In this case, VE Heck testified that based on the hypothetical proposed by the ALJ, plaintiff could perform three light work jobs. The ALJ did include restrictions on reaching in his hypothetical, as well as noting that plaintiff would have to have the opportunity to alternate sitting and standing. The ALJ did not note that the plaintiff could lift only ten pounds, whereas light work requires the individual to lift up to 20 pounds. The ALJ also did not include some of the other restrictions on sitting, standing, and walking imposed by Dr. Rogers. Since the court has found that the ALJ's rejection of Dr. Rogers's RFC was not supported by substantial evidence, it follows that a hypothetical that did not include these additional restrictions may not have been proper. The hypothetical also stated that plaintiff could occasionally climb, while Dr. Rogers's RFC stated that plaintiff could "never" climb. (T. 58, 236).
In response to a question by plaintiff's attorney, the VE stated that if plaintiff could not perform a function for at least four hours, then he would not be able to perform any of the jobs. (T. 63).
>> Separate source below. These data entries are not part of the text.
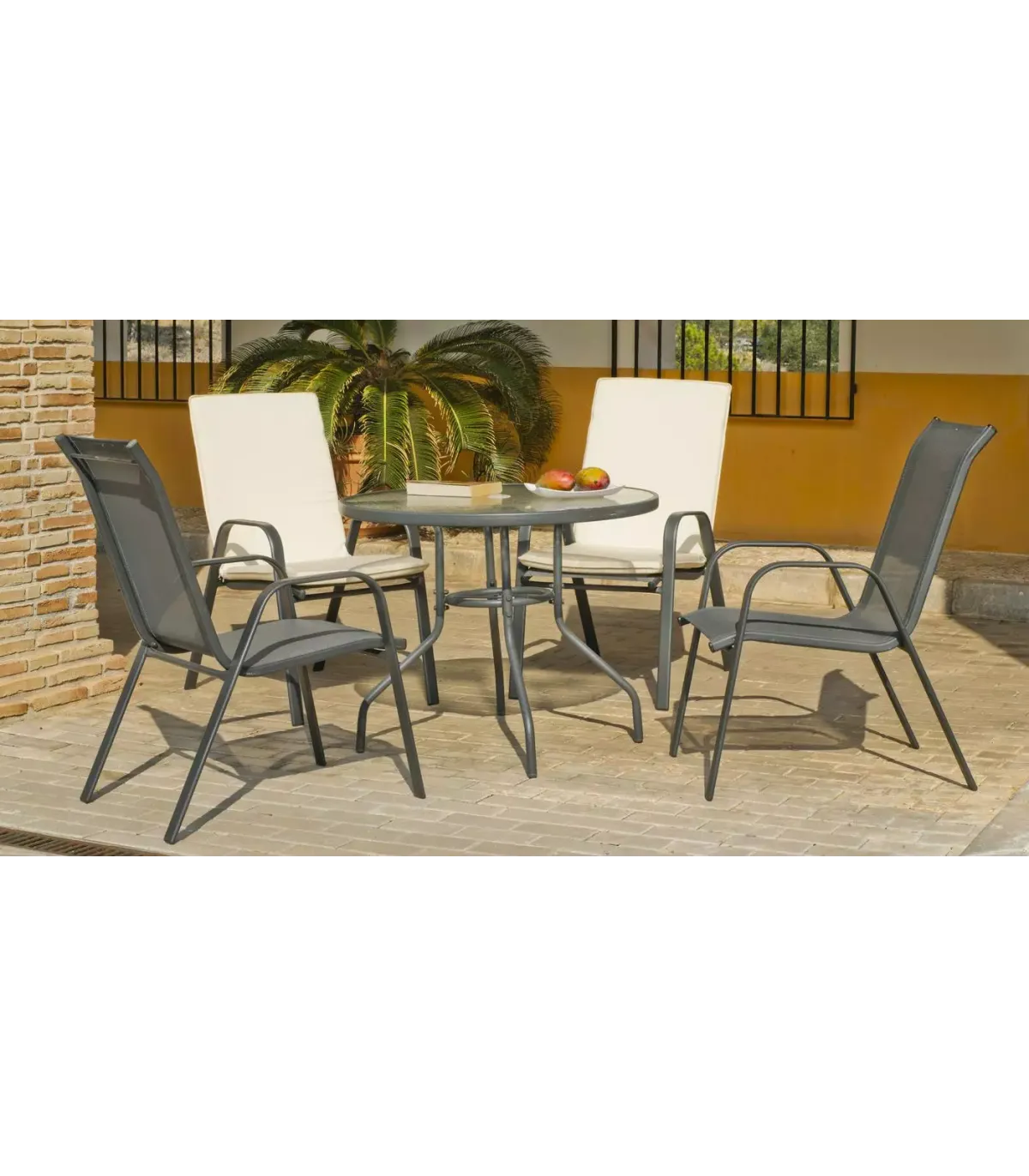 Table set + 4 armchairs for garden and terrace, made of steel. Anthracite grey structure.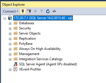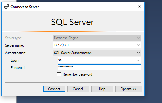 and fire up Sql Server Management Studio. Once SSMS opens, paste in the IP and the password used when starting the container. You should be able to connect to the sql server instance in the container.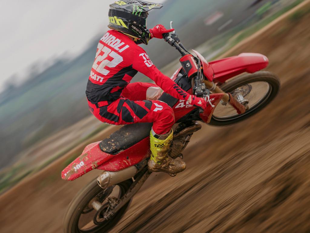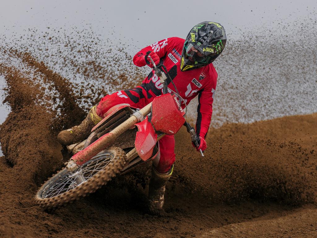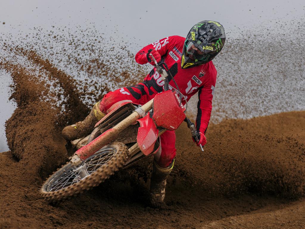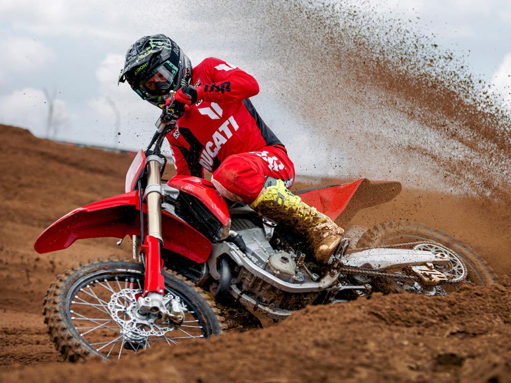 Developed on the racetrack, in the Ducati tradition.The Desmo450 MX was born out of a desire to expand and engage new enthusiasts. Launched in 2021, it fully embodies Ducati's development philosophy: to experiment and refine in competitions solutions intended later for production motorcycles.

The ALJ noted in his decision that there was no evidence that the plaintiff could not function for up to four hours per day. (T. 22). Plaintiff did not argue that he could not function four hours per day. The VE testified that the jobs would not be available if plaintiff could not function for "at least a four hour block of time." (T. 63). Based on the above findings, it is unclear that plaintiff could perform the activities outlined in the hypothetical. Thus, the ALJ's determination is not supported by substantial evidence.
6. Remand or Reversal
When there are gaps and inconsistencies in the administrative record, with no sufficiently complete proof that the plaintiff is disabled, the appropriate relief is remand for further or proper evaluation of the record. Rosa v. Callahan, 168 F.3d 72, 82-83 (2d Cir. 1999).
Because of the missing evidence, the ALJ's improper analysis of RFC and improper hypothetical to the VE, this court must remand for further evaluation, consistent with this opinion.
WHEREFORE, based on the findings above, it is
RECOMMENDED, that the Commissioner's decision be reversed, and the case be REMANDED, pursuant to sentence FOUR of 42 U.S.C. § 405(g) for further proceedings consistent with this opinion, including an attempt to determine what documents are missing or may have been lost from the record, obtain and consider those documents.
Pursuant to 28 U.S.C. § 636(b)(1) and Local Rule 72.1(c), the parties have ten days within which to file written objections to the foregoing report. Such objections shall be filed with the Clerk of the Court. FAILURE TO OBJECT TO THIS REPORT WITHIN TEN DAYS WILL PRECLUDE APPELLATE REVIEW. Roldan v. Racette, 984 F.2d 85, 89 (2d Cir. 1993) (citing Small v. Secretary of Health and Human Services, 892 F.2d 15 (2d Cir. 1989)); 28 U.S.C. § 636(b)(1); Fed.R.Civ.P. 6(a), 6(e), 72.